*** Opening of Provided records ***

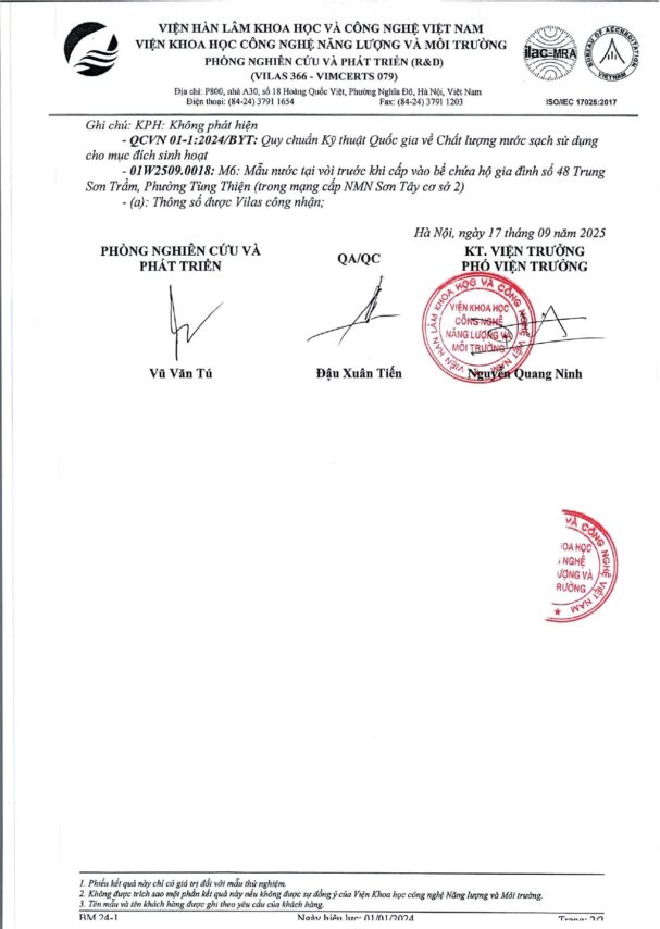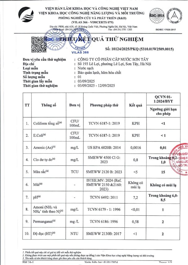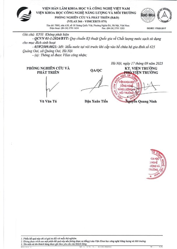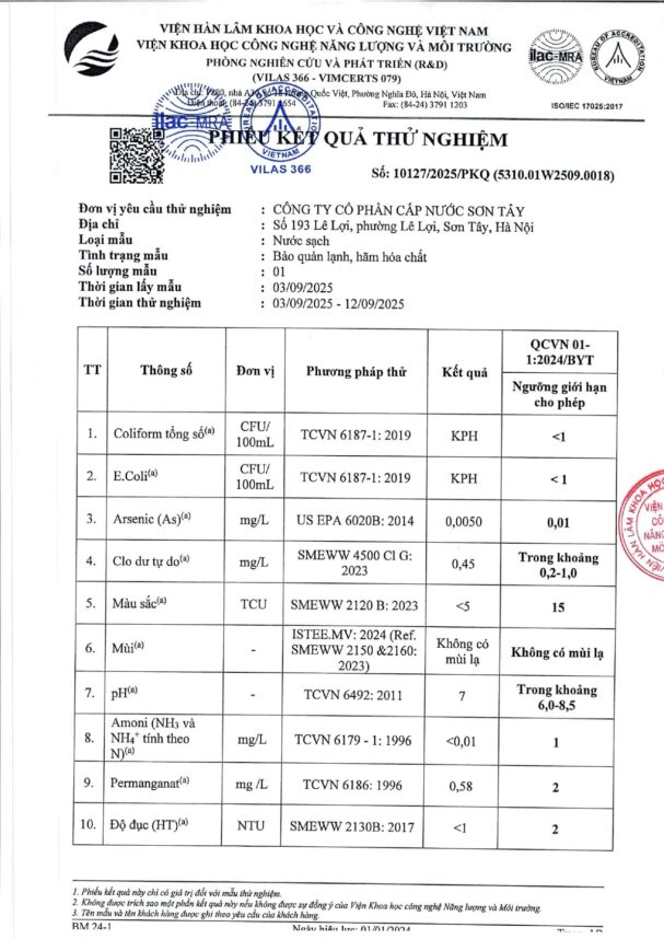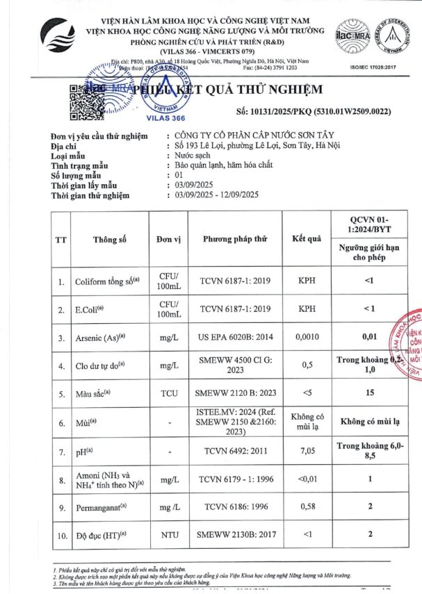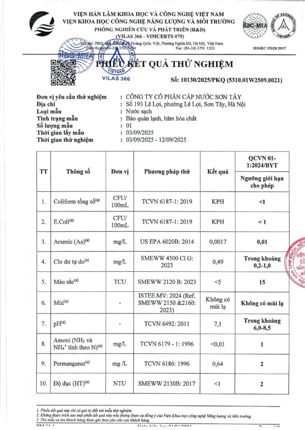 Báo cáo xét nghiệm nước tháng 09 năm 2025 Posted on 22 Tháng Chín, 2025 By Phạm Thanh In Chất lượng nước
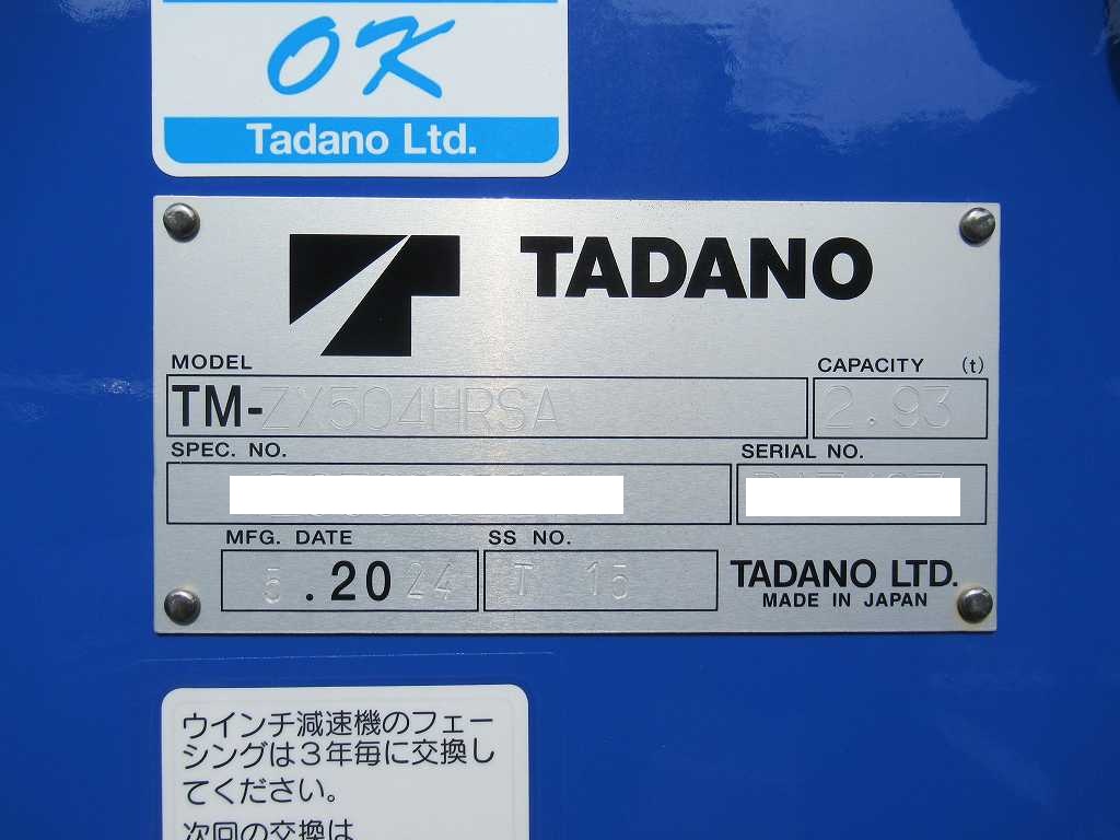 備考未使用車 増トン 10.7t ワイド幅キャブ タダノ 4段 270PS 6速
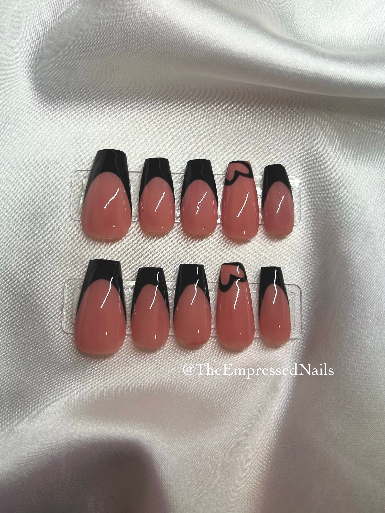 Elevate your nail game with TheEmpressedNails handmade Black French Tip and Heart. These coffin press-on nails feature a classic black French tip design with a delicate heart accent, adding a touch of elegance to any look. Easy to apply and long-lasting, achieve a flawless manicure in minutes. Perfect for any occasion.
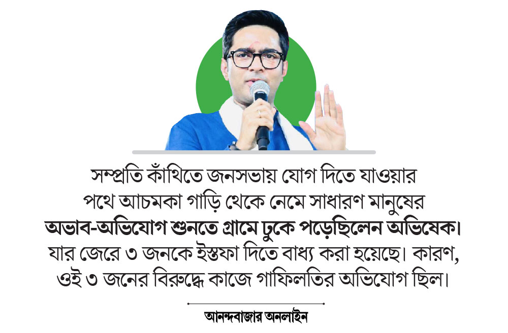 পঞ্চায়েতে ‘দুর্নীতি’র অভিযোগ খতিয়ে দেখতে তিনটি স্তরে সদস্যদের কাজের সমস্ত খতিয়ান নিতে চাইছেন তৃণমূল নেতৃত্ব। সম্প্রতি কাঁথিতে জনসভায় যোগ দিতে যাওয়ার পথে আচমকা গাড়ি থেকে নেমে সাধারণ মানুষের অভাব-অভিযোগ শুনতে গ্রামে ঢুকে পড়েছিলেন অভিষেক। যার জেরে তিন জনকে ইস্তফা দিতে বাধ্য করা হয়েছে। কারণ, ওই তিন জনের বিরুদ্ধে কাজে গাফিলতির অভিযোগ ছিল। আবার মমতা গ্রামে গ্রামে ঢুকে পড়ছেন ‘ঘরের মেয়ে’ হয়ে। কোথাও মাছের ঝোল-ভাত খাচ্ছেন, কোথাও চপ বিলি করছেন।
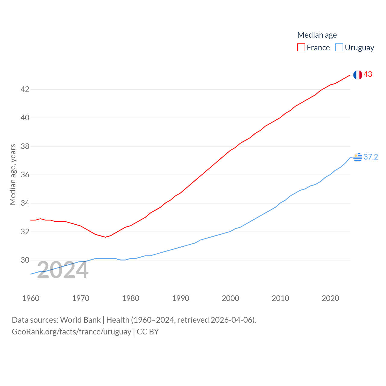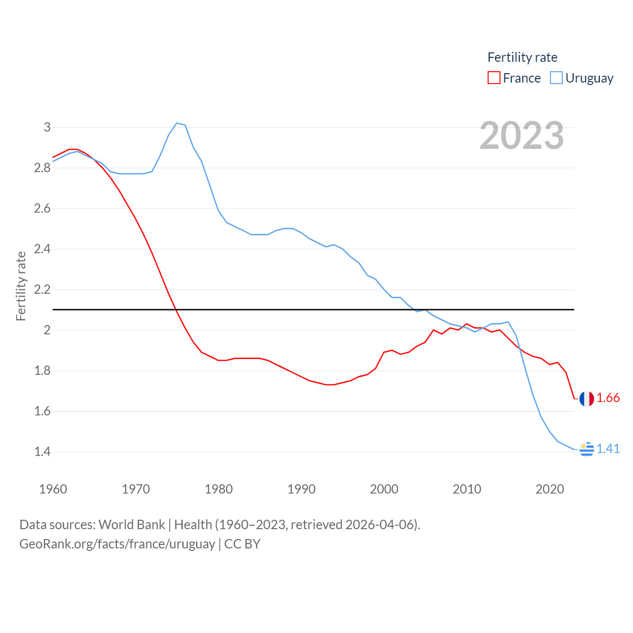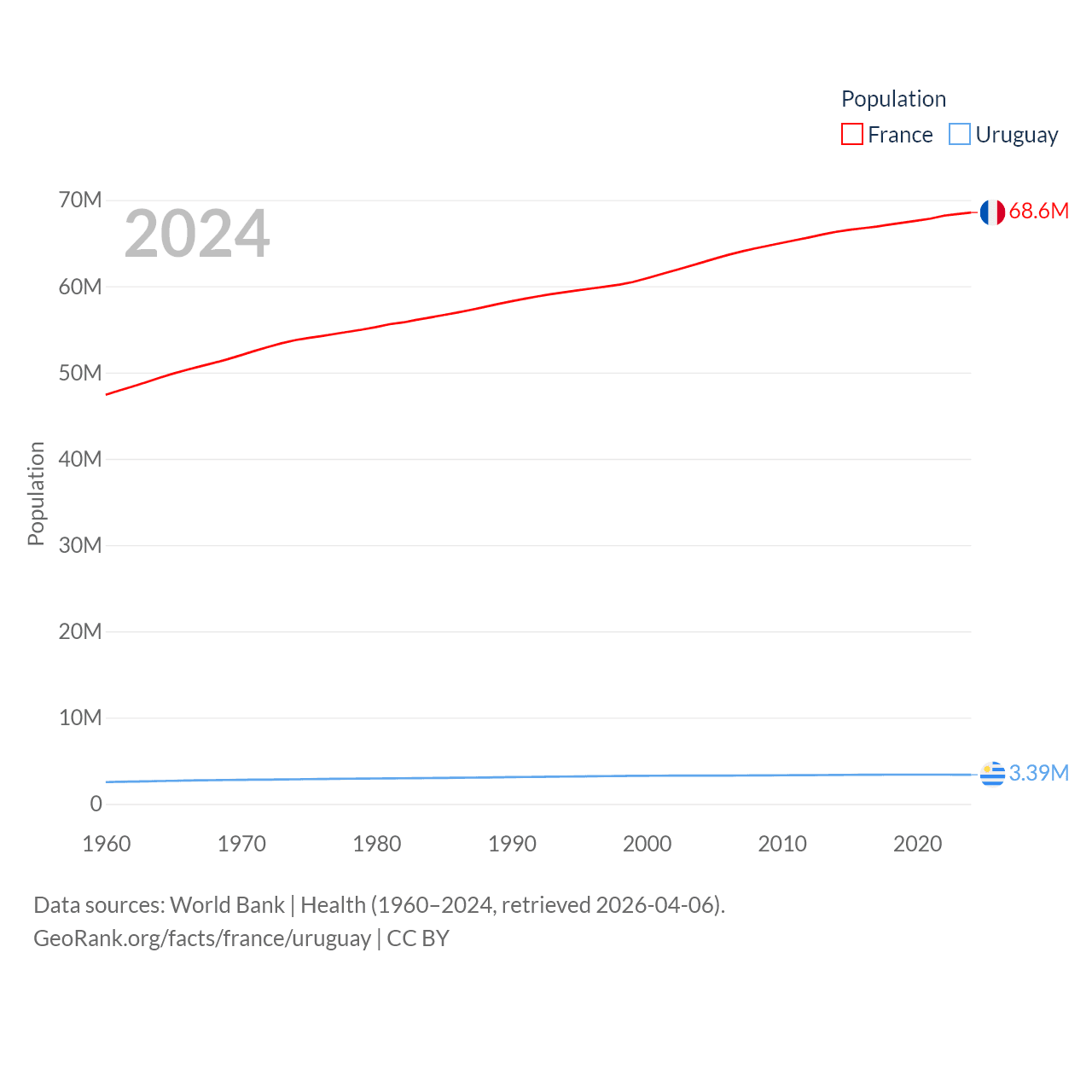 France has a population of 68.6M (ranked 23/197), compared with 3.39M in Uruguay (ranked 133/197). France's land area is 208,090 sq mi versus 67,576 sq mi for Uruguay (ranked 48th vs. 89th).

*** Close of Provided records ***

■ Activity
From the records above, copy only the lines running from the line holding "備考未使用車 増トン 10.7t ワイド幅キャブ タダノ 4段 270PS 6速" through the line holding "Elevate your nail", with no pictures.

■ Task response
 備考未使用車 増トン 10.7t ワイド幅キャブ タダノ 4段 270PS 6速
 Elevate your nail game with TheEmpressedNails handmade Black French Tip and Heart. These coffin press-on nails feature a classic black French tip design with a delicate heart accent, adding a touch of elegance to any look. Easy to apply and long-lasting, achieve a flawless manicure in minutes. Perfect for any occasion.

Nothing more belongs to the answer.